» RECORDS SHOWN:
::::
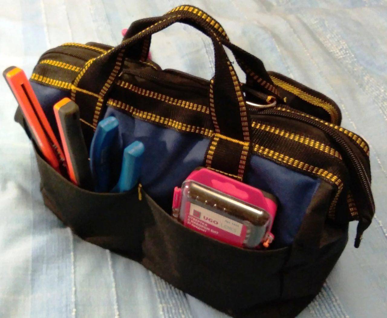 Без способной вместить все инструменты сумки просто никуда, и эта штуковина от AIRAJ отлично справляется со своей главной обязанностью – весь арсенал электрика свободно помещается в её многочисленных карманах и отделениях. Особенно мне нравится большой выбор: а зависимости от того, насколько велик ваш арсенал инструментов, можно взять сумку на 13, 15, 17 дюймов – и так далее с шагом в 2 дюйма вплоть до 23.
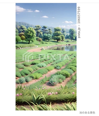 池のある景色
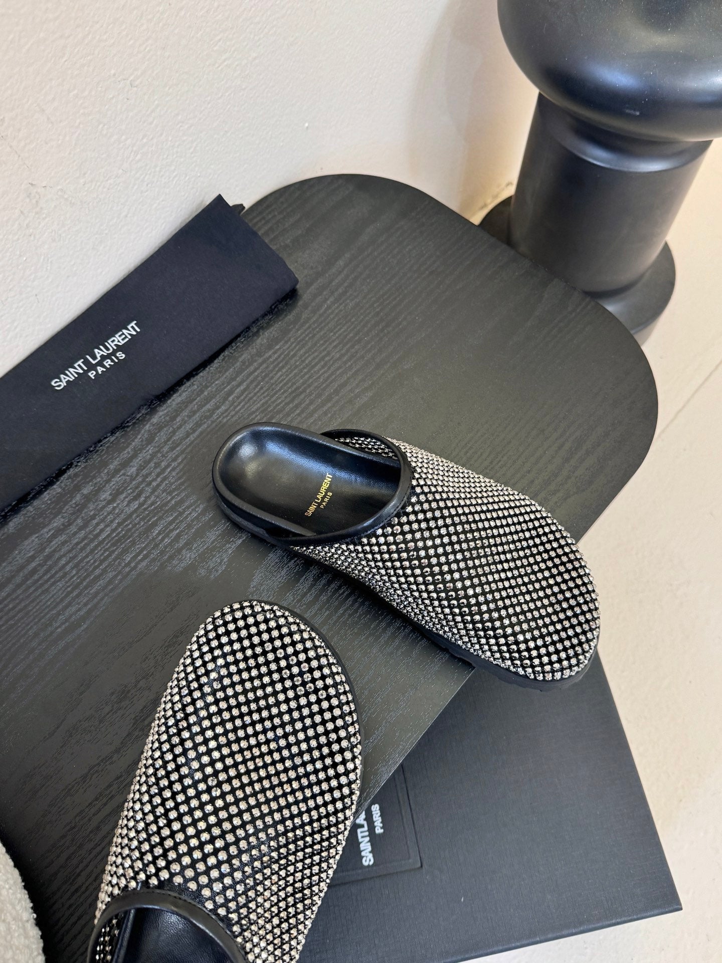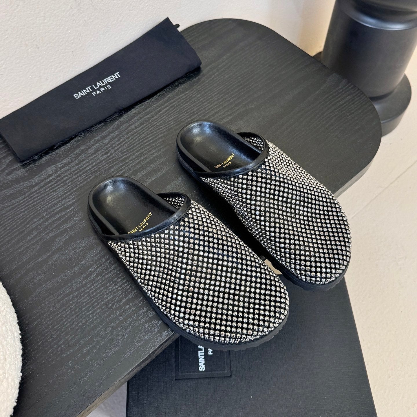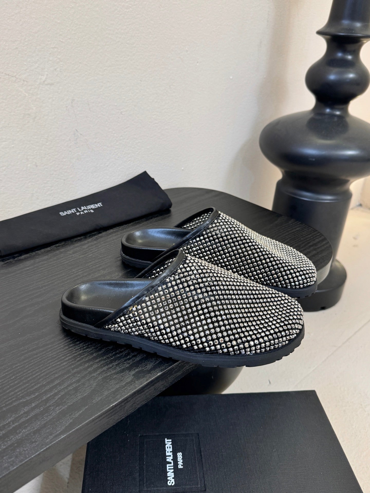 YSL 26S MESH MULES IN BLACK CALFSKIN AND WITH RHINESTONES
::::
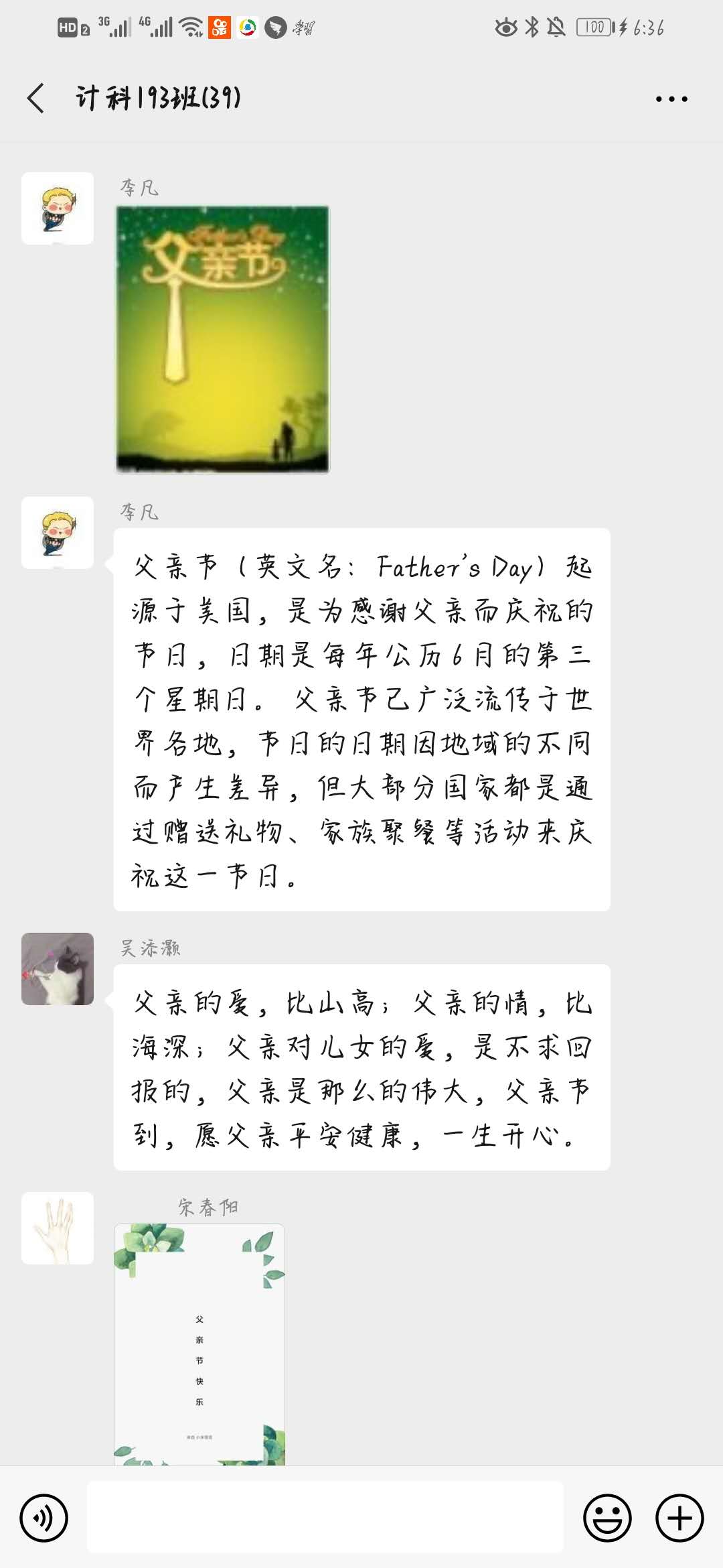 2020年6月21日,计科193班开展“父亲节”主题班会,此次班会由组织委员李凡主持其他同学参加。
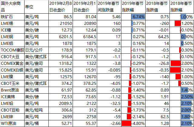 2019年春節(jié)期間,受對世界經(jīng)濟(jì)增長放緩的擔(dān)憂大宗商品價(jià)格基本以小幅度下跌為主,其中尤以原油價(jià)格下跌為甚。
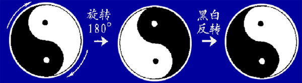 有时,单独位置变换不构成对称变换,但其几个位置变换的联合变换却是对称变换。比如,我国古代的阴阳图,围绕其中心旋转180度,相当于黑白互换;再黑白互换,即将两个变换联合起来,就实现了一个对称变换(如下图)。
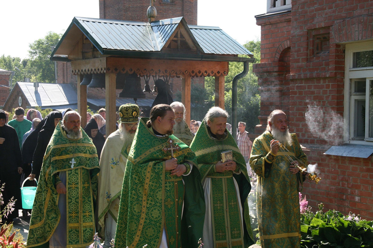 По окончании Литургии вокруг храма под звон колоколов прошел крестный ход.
::::
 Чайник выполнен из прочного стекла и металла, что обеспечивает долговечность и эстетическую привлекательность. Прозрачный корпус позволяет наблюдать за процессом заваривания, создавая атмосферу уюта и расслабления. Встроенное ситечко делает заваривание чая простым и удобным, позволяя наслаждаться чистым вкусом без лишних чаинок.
::::
» WORK INSTRUCTION: For this exercise, please set down exactly the lines of the listing above from the line with "2019年春節(jié)期間" up to and including the line with "По окончании Литургии", and no pictures.

» EXERCISE OUTPUT:
 2019年春節(jié)期間,受對世界經(jīng)濟(jì)增長放緩的擔(dān)憂大宗商品價(jià)格基本以小幅度下跌為主,其中尤以原油價(jià)格下跌為甚。
 有时,单独位置变换不构成对称变换,但其几个位置变换的联合变换却是对称变换。比如,我国古代的阴阳图,围绕其中心旋转180度,相当于黑白互换;再黑白互换,即将两个变换联合起来,就实现了一个对称变换(如下图)。
 По окончании Литургии вокруг храма под звон колоколов прошел крестный ход.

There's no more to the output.